Final answer:
1. The sample size used in this survey was 196. 2. The probability that the point estimate was within ±30 of the population mean is 1.
Step-by-step explanation:
1. To find the sample size used in the survey, we can use the formula for the standard error of the mean:
SE = σ/√n
Where SE is the standard error of the mean, σ is the population standard deviation, and n is the sample size.
Given that the standard error of the mean is 25 and the population standard deviation is 700, we can rearrange the formula to solve for n:
n = (σ/SE)^2
Substituting the values:
n = (700/25)^2
n = 196
Therefore, the sample size used in this survey was 196.

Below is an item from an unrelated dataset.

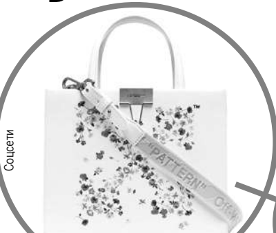
Эта итальянская сумочка стоит по гламурным меркам не так уж и дорого - примерно 100 тысяч рублей.

деоролик, на котором запечатлена та самая вилла. По самым скромным оценкам, площадь жилища составляет около 1000 квадратных. По некоторым данным, за недельную аренду подобного дома придется выложить сумму, эквивалентную примерно двум миллионам рублей.

2. To find the probability that the point estimate was within ±30 of the population mean, we can use the normal distribution and the formula for the standard error of the mean:
SE = σ/√n
Where SE is the standard error of the mean, σ is the population standard deviation, and n is the sample size.
In this case, the standard error of the mean is 25 and the population standard deviation is 700. We can use these values to calculate the standard deviation of the sample mean:
SD = SE * √n
SD = 25 * √196
SD = 25 * 14
SD = 350
Next, we can calculate the z-score for ±30:
z = (x - μ) / SD
Positive z-score:
z = (30 - 0) / 350 = 0.0857
Negative z-score:
z = (-30 - 0) / 350 = -0.0857
Using a standard normal distribution table or calculator, we can find the area under the curve for these z-scores:
Area for positive z-score = 0.5359
Area for negative z-score = 0.4641
The total probability of the point estimate being within ±30 of the population mean is the sum of these two areas:
Total probability = Area for positive z-score + Area for negative z-score
Total probability = 0.5359 + 0.4641 = 1
Therefore, the probability that the point estimate was within ±30 of the population mean is 1.